● **Listed records**:
- - -
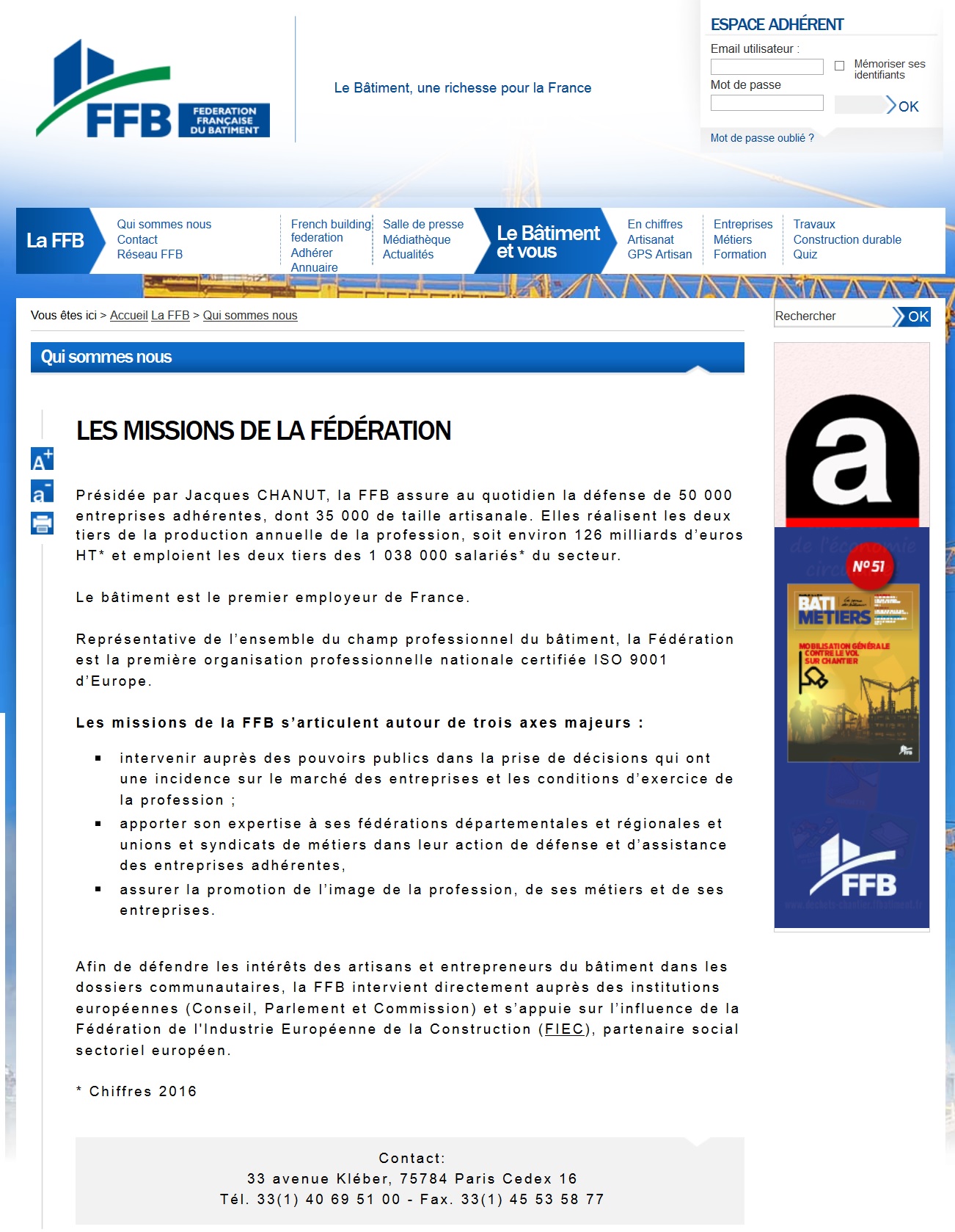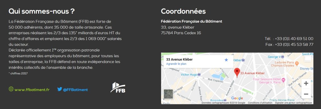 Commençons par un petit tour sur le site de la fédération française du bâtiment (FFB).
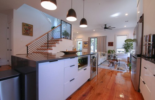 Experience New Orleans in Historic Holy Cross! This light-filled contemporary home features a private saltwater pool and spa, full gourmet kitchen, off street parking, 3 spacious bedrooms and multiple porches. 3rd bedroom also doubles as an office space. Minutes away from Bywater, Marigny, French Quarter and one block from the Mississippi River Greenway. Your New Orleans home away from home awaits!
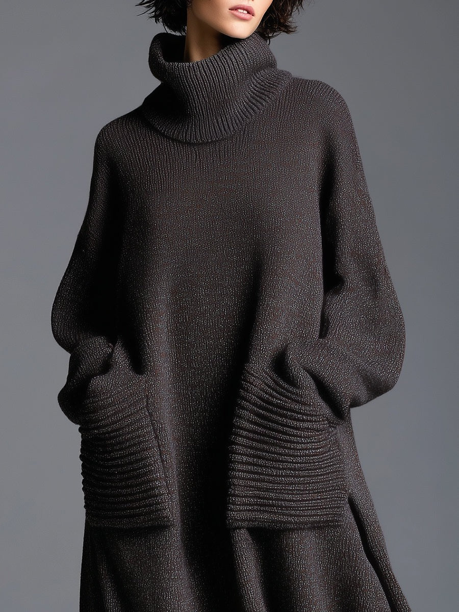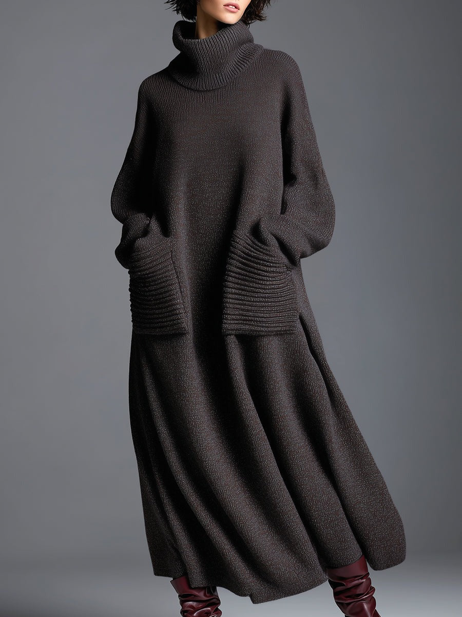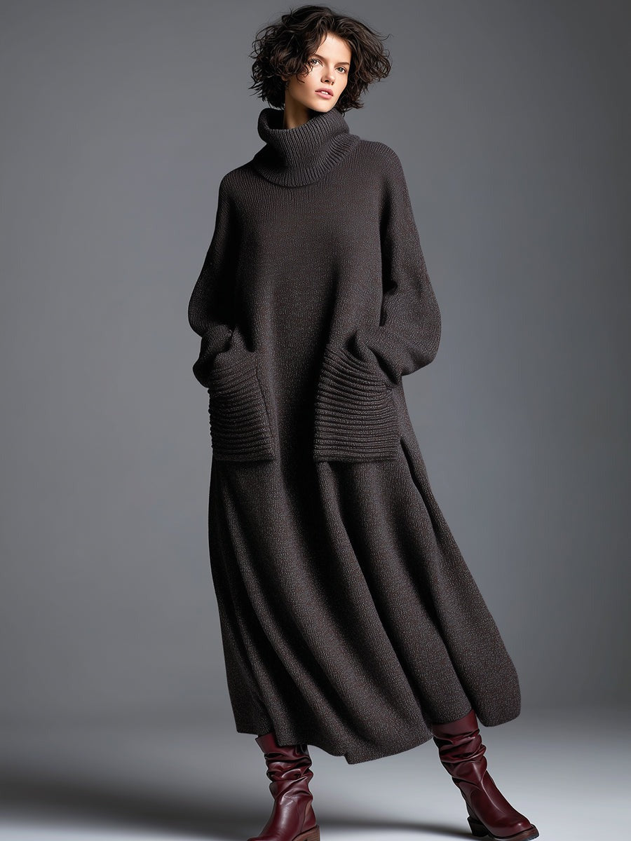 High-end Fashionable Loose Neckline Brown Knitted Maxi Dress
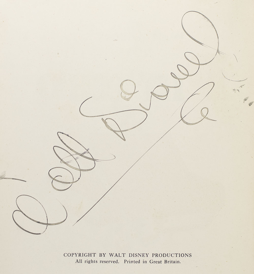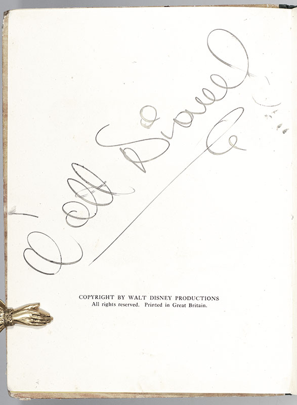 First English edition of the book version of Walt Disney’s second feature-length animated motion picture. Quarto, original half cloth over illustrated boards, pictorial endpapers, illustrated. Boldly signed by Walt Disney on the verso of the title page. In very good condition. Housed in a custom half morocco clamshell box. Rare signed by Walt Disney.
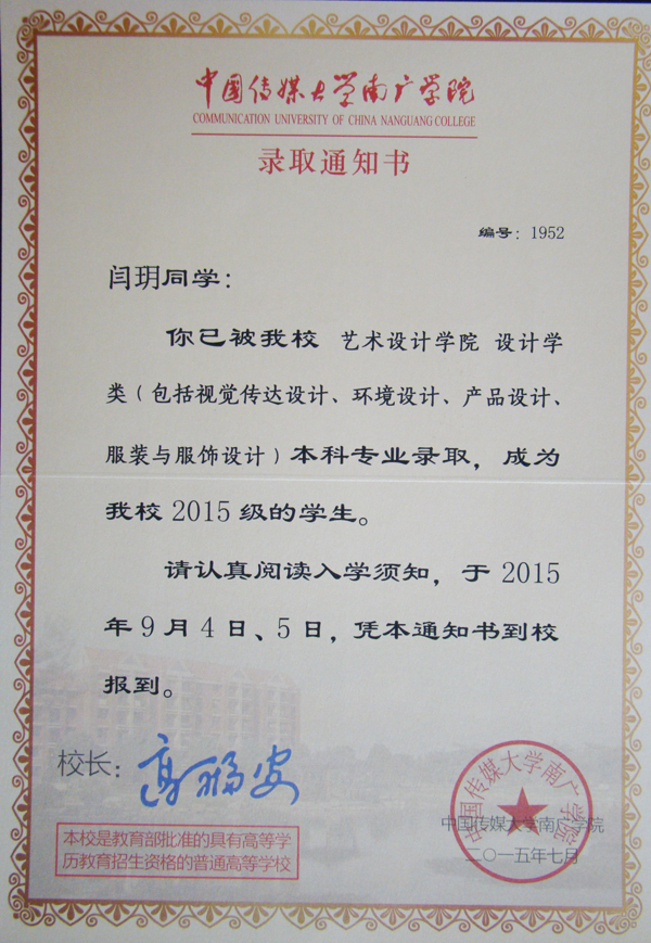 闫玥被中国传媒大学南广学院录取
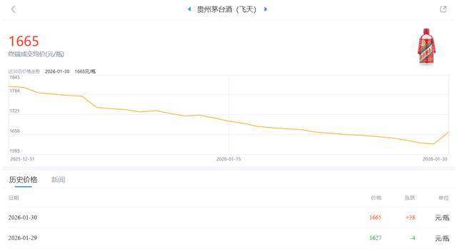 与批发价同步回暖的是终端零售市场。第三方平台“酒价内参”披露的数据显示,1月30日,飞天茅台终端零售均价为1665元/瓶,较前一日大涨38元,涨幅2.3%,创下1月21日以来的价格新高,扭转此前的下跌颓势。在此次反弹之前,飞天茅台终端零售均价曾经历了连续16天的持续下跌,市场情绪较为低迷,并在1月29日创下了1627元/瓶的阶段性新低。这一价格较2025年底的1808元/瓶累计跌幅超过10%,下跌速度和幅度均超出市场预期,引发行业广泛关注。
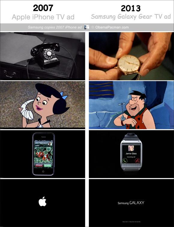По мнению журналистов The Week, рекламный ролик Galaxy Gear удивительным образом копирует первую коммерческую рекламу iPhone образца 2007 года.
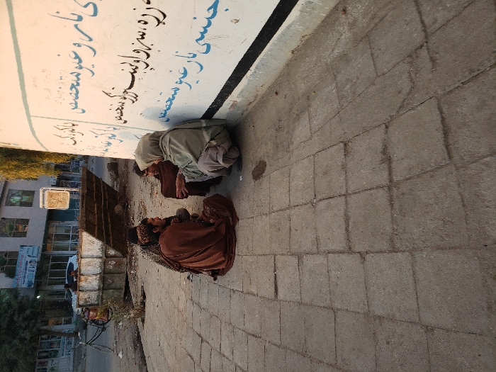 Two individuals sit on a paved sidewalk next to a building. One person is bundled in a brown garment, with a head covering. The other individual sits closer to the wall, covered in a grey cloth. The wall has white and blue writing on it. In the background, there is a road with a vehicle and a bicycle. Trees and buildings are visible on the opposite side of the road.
- - -
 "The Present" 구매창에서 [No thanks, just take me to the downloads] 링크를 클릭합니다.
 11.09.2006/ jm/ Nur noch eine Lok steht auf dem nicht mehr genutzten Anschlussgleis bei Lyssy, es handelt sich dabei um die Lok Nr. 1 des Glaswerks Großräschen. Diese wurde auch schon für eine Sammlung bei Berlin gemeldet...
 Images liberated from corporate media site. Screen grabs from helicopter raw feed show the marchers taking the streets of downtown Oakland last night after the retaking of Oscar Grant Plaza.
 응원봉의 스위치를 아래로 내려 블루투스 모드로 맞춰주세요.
- - -
● **Exercise objective**: Repeat, without pictures, exactly the lines of the data above from the one containing "Commençons par un" through the one containing "High-end Fashionable Loose", including both and adding nothing.

● **Result for this exercise**:
 Commençons par un petit tour sur le site de la fédération française du bâtiment (FFB).
 Experience New Orleans in Historic Holy Cross! This light-filled contemporary home features a private saltwater pool and spa, full gourmet kitchen, off street parking, 3 spacious bedrooms and multiple porches. 3rd bedroom also doubles as an office space. Minutes away from Bywater, Marigny, French Quarter and one block from the Mississippi River Greenway. Your New Orleans home away from home awaits!
 High-end Fashionable Loose Neckline Brown Knitted Maxi Dress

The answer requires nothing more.